- _EXERCISE INSTRUCTIONS_
Which lines belong in your copy? Those from the start of the data through the line with "मंदसौर। सर्राफा कारोबारी", exactly as written, without any pictures.

DATASET RECORDS section start

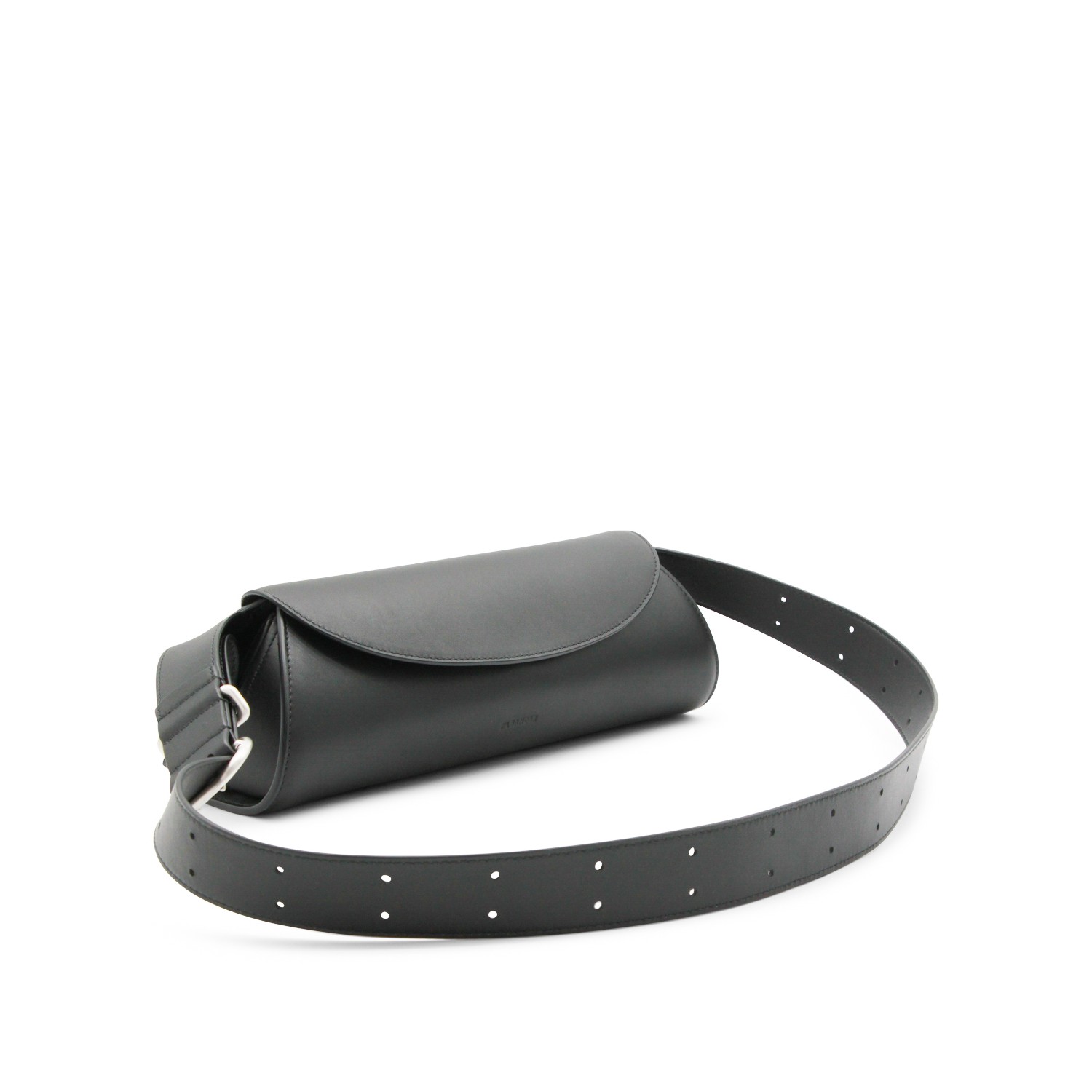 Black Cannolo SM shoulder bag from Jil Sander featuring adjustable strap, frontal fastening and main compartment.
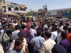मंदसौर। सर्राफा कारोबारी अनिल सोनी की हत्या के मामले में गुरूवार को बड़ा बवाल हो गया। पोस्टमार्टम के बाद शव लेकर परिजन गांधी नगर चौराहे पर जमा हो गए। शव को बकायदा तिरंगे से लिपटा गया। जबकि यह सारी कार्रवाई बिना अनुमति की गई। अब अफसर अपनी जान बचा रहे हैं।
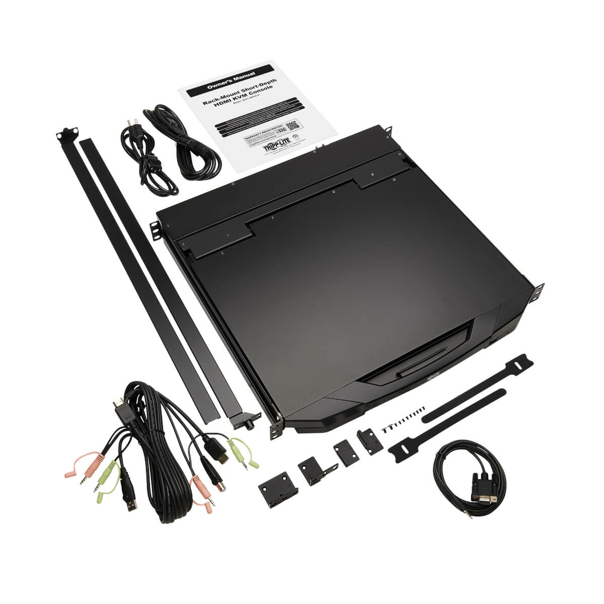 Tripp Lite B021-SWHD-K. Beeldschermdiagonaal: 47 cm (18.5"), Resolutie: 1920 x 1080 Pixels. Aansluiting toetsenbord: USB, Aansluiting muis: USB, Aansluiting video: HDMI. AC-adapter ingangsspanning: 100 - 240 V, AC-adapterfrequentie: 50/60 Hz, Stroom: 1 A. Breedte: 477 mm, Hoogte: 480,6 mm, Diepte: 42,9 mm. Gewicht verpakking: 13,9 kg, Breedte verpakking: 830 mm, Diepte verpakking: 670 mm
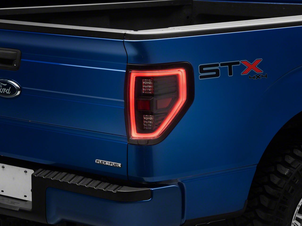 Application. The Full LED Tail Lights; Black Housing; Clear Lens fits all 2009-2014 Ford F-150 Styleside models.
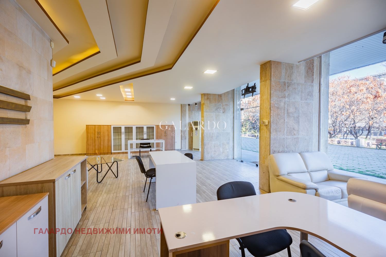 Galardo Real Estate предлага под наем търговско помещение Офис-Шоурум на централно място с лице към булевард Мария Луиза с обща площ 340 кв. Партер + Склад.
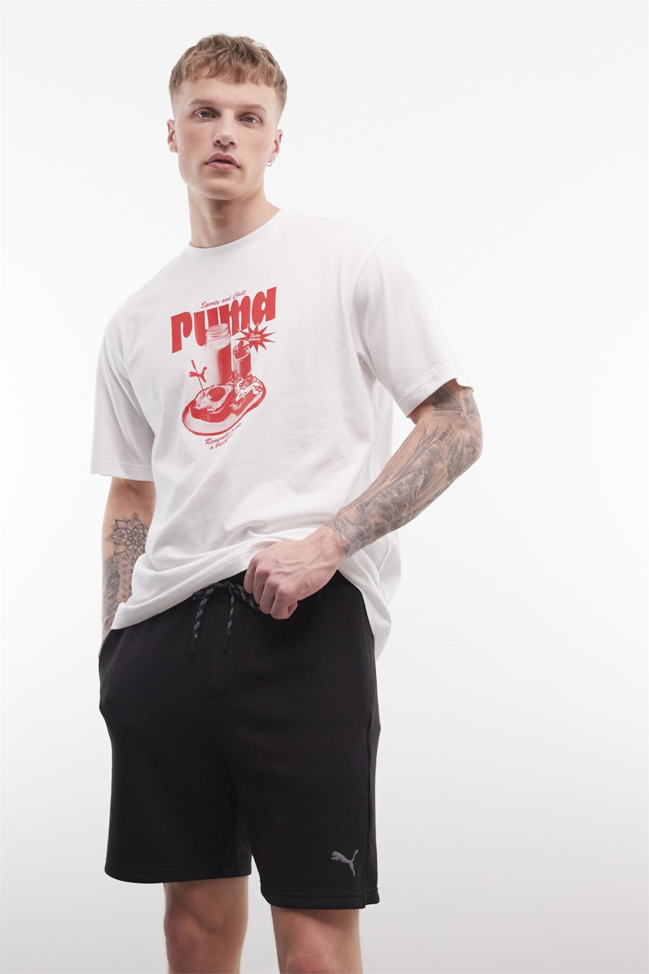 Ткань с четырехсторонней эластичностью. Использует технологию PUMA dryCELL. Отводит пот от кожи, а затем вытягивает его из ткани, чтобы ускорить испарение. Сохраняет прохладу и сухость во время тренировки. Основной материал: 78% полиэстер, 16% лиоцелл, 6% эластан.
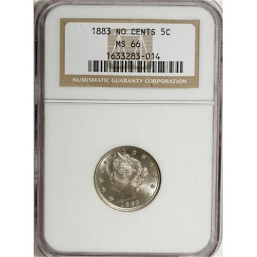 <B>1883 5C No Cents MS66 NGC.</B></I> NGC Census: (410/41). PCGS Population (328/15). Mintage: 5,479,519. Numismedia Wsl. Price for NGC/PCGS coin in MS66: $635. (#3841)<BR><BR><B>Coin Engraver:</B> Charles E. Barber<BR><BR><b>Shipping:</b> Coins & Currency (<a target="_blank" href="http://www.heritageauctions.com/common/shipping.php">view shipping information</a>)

DATASET RECORDS section end

- _EXERCISE RESPONSE_
 Black Cannolo SM shoulder bag from Jil Sander featuring adjustable strap, frontal fastening and main compartment.
मंदसौर। सर्राफा कारोबारी अनिल सोनी की हत्या के मामले में गुरूवार को बड़ा बवाल हो गया। पोस्टमार्टम के बाद शव लेकर परिजन गांधी नगर चौराहे पर जमा हो गए। शव को बकायदा तिरंगे से लिपटा गया। जबकि यह सारी कार्रवाई बिना अनुमति की गई। अब अफसर अपनी जान बचा रहे हैं।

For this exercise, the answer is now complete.